If you need to buy any graphite molds and other check this out. He will try and make what you might want.

http://www.ebay.com/sch/canvasman34/m.html?_nkw=&amp;amp;amp;_armrs=1&amp;amp;amp;_from=&amp;amp;amp;_ipg=25&amp;amp;amp;_trksid=p3984.m1426.l2654

You can tell him that Jack Carpenter told you.

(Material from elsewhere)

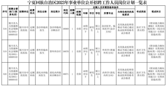 銀川市中醫(yī)醫(yī)院本次招聘3個(gè)崗位,招聘工作人員3人。招聘崗位、資格條件詳見《寧夏回族自治區(qū)2023年事業(yè)單位公開招聘工作人員崗位計(jì)劃一覽表》(序號(hào)518-520:銀川市中醫(yī)醫(yī)院)。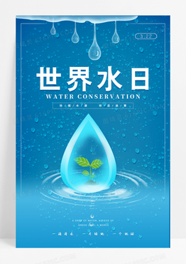 蓝色小清新世界水日水滴水珠宣传海报设计

You can delete this or move it if need too.

Jack


----------



## ejaeromechanic (Aug 16, 2012)

lol I saw your post and the way it was worded I thought you were asking where to get graphite molds from. So I was going to recommend him to you. Anyways this is exactly the same guy I was going to refer you too. Also I have guides on how to make your own, but at his prices I don't even bother. I just buy my crusibles and molds from him cause he already has everything set up and it would cost more for me to do it myself, than to buy from him. Nice to see other people supporting people that support our hobby/trade.


----------



## chaseonbase (Jul 26, 2013)

Wow. Looks like I found the wrong place. I paid 25 for a dinky mold from some other guys on ebay. Ill definitely check this guy out next time. Do you know if he makes any hexagon molds?


----------



## ilikesilver (Aug 4, 2013)

jmdlcar said:


> Hi all,
> 
> If you need to buy any graphite molds and other check this out. He will try and make what you might want.
> 
> ...



bought one from him, nice quality, made to order. tim


----------